Determination of an Unknown Bacteria

Introduction

Bacteria are the cause of many illnesses in humans, and for years scientists have tried to

identify unknown bacteria in order to cure and prevent our bodies from harm. A study done to

identify an unknown bacterium stated “The importance of identifying these pathogens and their

related epidemiology has become increasingly more important” (OPPapers 2011). There are

bacteria everywhere—in your car, on your desk, even in your food. This means that we are

constantly exposed to all sorts of bacteria, good and bad. So how can sickness be prevented if we

are always exposed to bacteria? The first step to prevention is to identify the bacteria that are on

all of the surfaces we touch. A sample of bacteria was swabbed from a laptop keyboard in order

to take the first step towards identification of the unknown bacteria in our lives. Various

techniques of bacteria identification were used on this unknown. It is hypothesized that the

unknown bacteria from the keyboard is just a common, harmless bacteria. Identifying this

unknown bacteria from a keyboard will allow scientists to become more knowledgeable in

common bacteria.


Methods

All methods and procedures were performed as found in Johnston 1992, unless otherwise noted.

Isolation of unknown pure culture

Sample of unknown bacteria was taken from a contaminated agar plate. The sample from a

contaminated nutrient agar plate was isolated by the method of streak plating. The sample was

allowed to grow for one week at 32 degrees Celsius in an incubator. The culture was re-streaked

until a plate with uniform colony with uniform colony morphology was obtained. Culture purity

was confirmed by examining the culture for uniform cellular morphology and gram stain.

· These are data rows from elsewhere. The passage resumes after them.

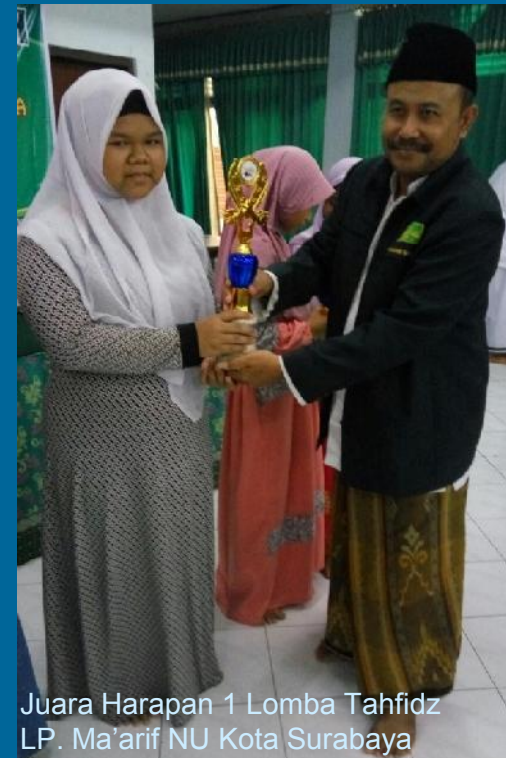
Juara Harapan 1 Lomba Tahfidz LP. Ma'arif NU Kota Surabaya
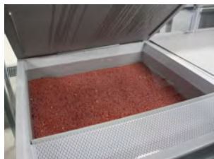
ふ化器「浮上槽」には、サケの卵が収容されています。
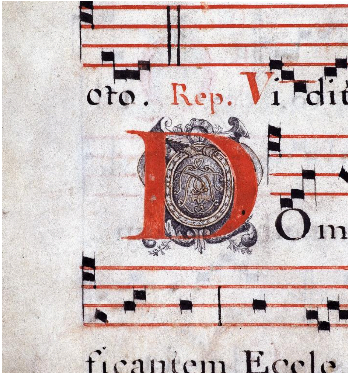
Détail de la page 146 : lettre D avec un cuir enroulé.
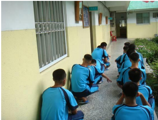
核對抽血少年名字
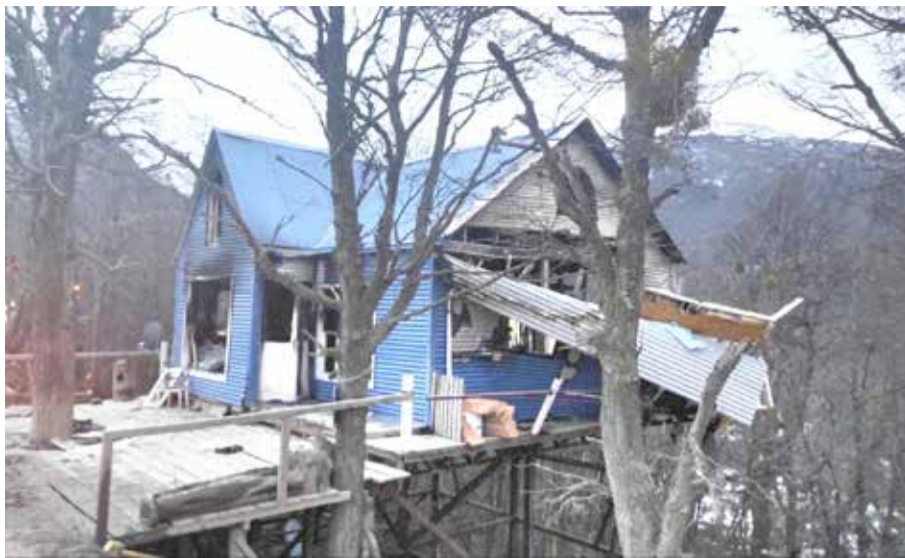
La explosión de un calefón puede causar daños devastadores, por lo que se recomienda prestarle constante atención a su funcionamiento y realizarle controles, como mínimo anuales, con un gasista matriculado.
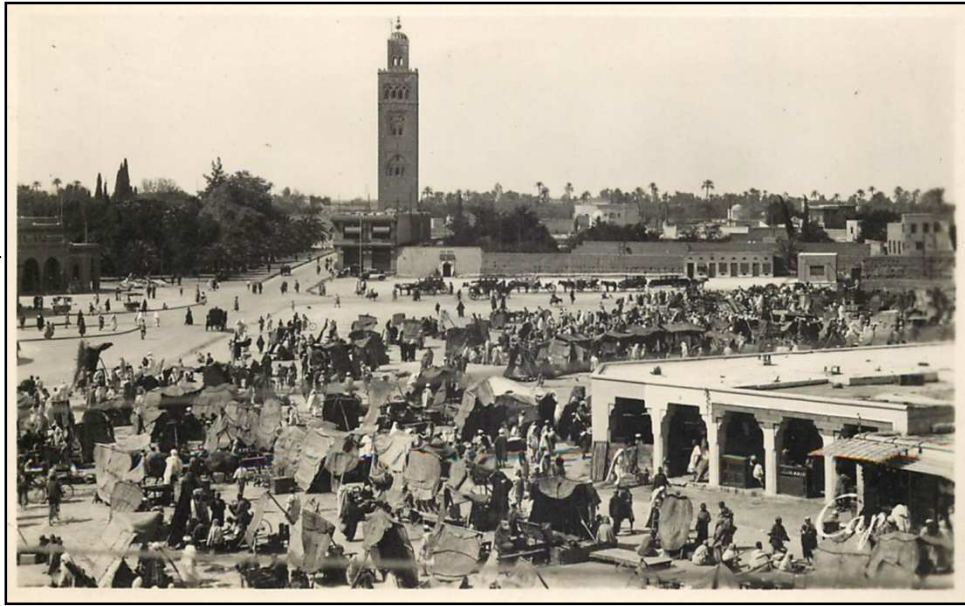
Immuable Koutoubia, immuable bureau de Poste !
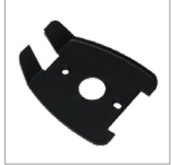
AR14 Paravapore nero ferro Bieffe
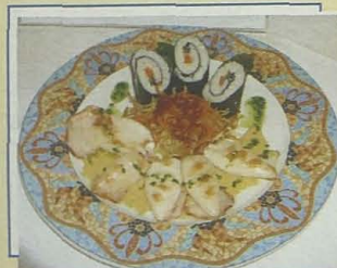
Racó de Mar Universal Mediterránea. Salteado de chipirones
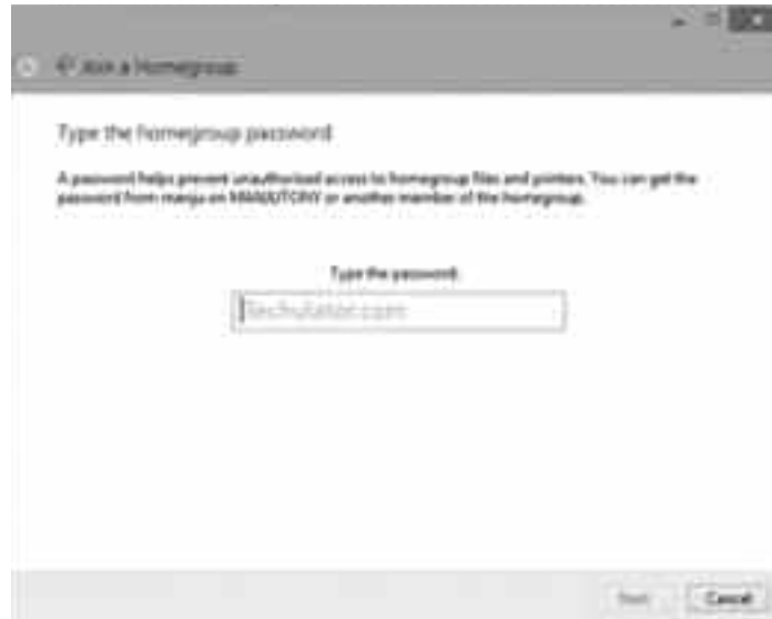
হোমগ্রুপ পাসওয়ার্ড সেটআপ
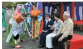
奈良教育大学の皆さんによる御茶席。留学生も参加し、新聞取材もありました。
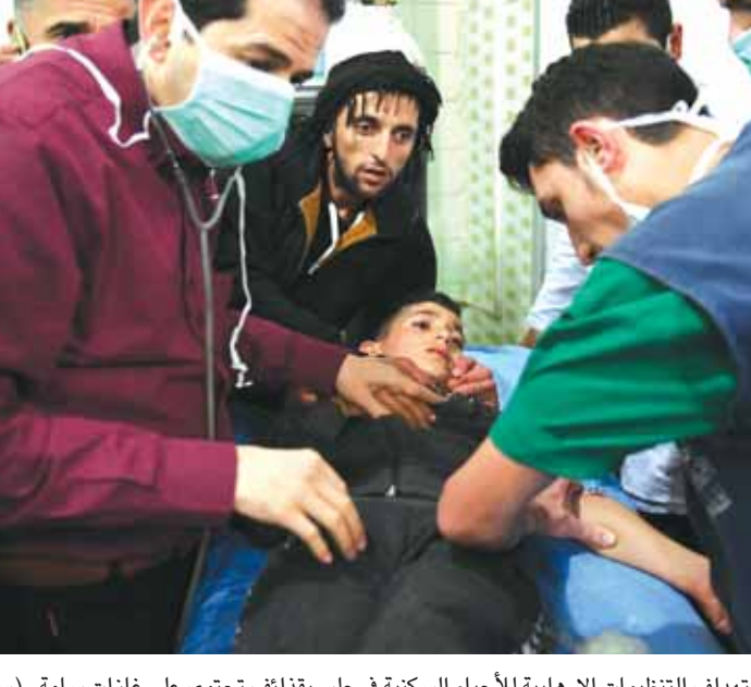
أحد ضحايا استهداف التنظيمات الإرهابية للأحياء السكنية في حلب بقذائف تحتوي على غازات سامة

«بما يمثل من بعد سياسي في مواجهة المحاولات الجارية لشطب حق العودة والتصدي لصفقة القرن، وتعزيزاً لنهج المقاومة والترابط مع ضلالت شعبنا في داخل فلسطين، وصموده على طريق التحرير والعودة». وطالب المجتمعون محافظة دمشق، وكل الجهات المختصة في الدولة، بالإسراع في العمل لإعادة البنية التحتية في الخيم، تمهيداً لعودة الأهالي الفلسطينيين والسوريين إليه.
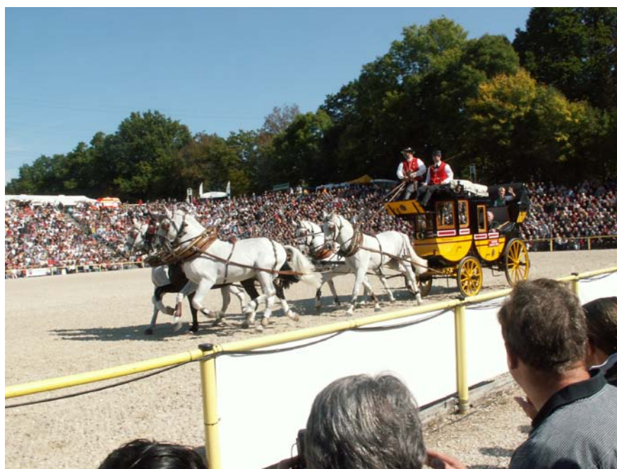
Slika 14: Poštna kočija na paradi žrebcev v Marbachu

Konji lipicanske pasme se pojavljajo po vsem svetu. Najbolj pa so razširjeni v Evropi. Odvisno je tudi iz katere kobilarne oziroma reje prihaja konj in kakšen je njegov rodovnik. Na ceno lahko vplivajo tudi predniki konja. Največjo težo pa ima prav gotovo znanje in sama delovna sposobnost konja. Torej je pomembna udeležba na tekmovanjih ali na predstavah. S tem se povečuje prepoznavnost posameznega konja in zanimanje za pasmo. Lipicanski konji so nastopili na največjem sejmu na svetu, na Equitani leta 2007. Sejem obiščejo tekmovalci, rejci, organizatorji tekmovanj, proizvajalci opreme, krme, transportnih sredstev, ljubitelji konj, skratka vsi, ki jih konjenišvo kakor koli povezuje. V letu 2007 so zabeležili okoli 220 000 obiskovalcev. Nastopati na tako velikem sejmu ima velik pomen za predstavitev pasme, saj si predstavo ogleda veliko število ljudi. Kobilarna Marbach ima žrebce različnih pasem, med njimi tudi enega lipicanskega. Tja vozijo pripuščati kobile rejci iz deleže Baden-Württemberg. Vsako leto organizirajo parado žrebcev (Hengstparade) v zadnjih dneh oktobra in prvih dneh novembra (tri do štiri ponovitve), ki se je udeleži vsako leto 40.000 do 50.000 gledalcev (sliki 13 in 14).
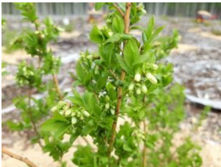
Рисунок 20 – Бутоны голубики узколистной

Characterization of Cellular Morphology

Cellular morphology was determined by looking at wet mounts and gram stains. The wet mount

is a glass slide with a mix of distilled water and the bacteria of interest. By looking at the wet

mount, motility of the unknown can be determined. Cells that appear to be moving on their own

free will (against the “current” of Brownian motion) may be motile. Cells that do not appear to

move on their own (however, they may be moving due to Brownian motion) may be non-motile.

Micrococcus luteus was used as a control in the wet mount process. The slides were viewed

under 1000x phase contrast.


Characterization of Colony Morphology

Colony morphology was determined by looking at a pure culture grown on a nutrient agar plate.

The pure culture was 9 days old and grew at 32 degrees Celsius in an incubator. Colonies were

viewed in plain sight as well as under 1000x bright field. Colonies are placed into certain

categories based on appearance. See results for further description of colony morphology.

Gram Stain

A gram stain revealed cell morphology. Micrococcus luteus and bacillus were used as controls

against the unknown. Gram stains reveal the unknown bacteria to be either gram negative or

gram positive. A gram negative result leaves the unknown bacteria looking pinkish in color. A

gram positive result leaves the unknown bacteria looking purple in color. Observations were

viewed at 1000x bright field.

Oxidation-Fermentation (OF) Test

An OF test was performed to determine how the bacteria used energy. Bacteria can use either

fermentation or oxidation (or both) to use energy. .5 mL of the unknown was placed in 10mL of

medium in a test tube. .5 mL of E. coli was placed in 10 mL of medium in a different test tube as

a control. E. coli was expected to grow throughout the medium because it is a facultative

anaerobe. The caps were loosely placed on each tube and autoclaved for a total of 45 minutes.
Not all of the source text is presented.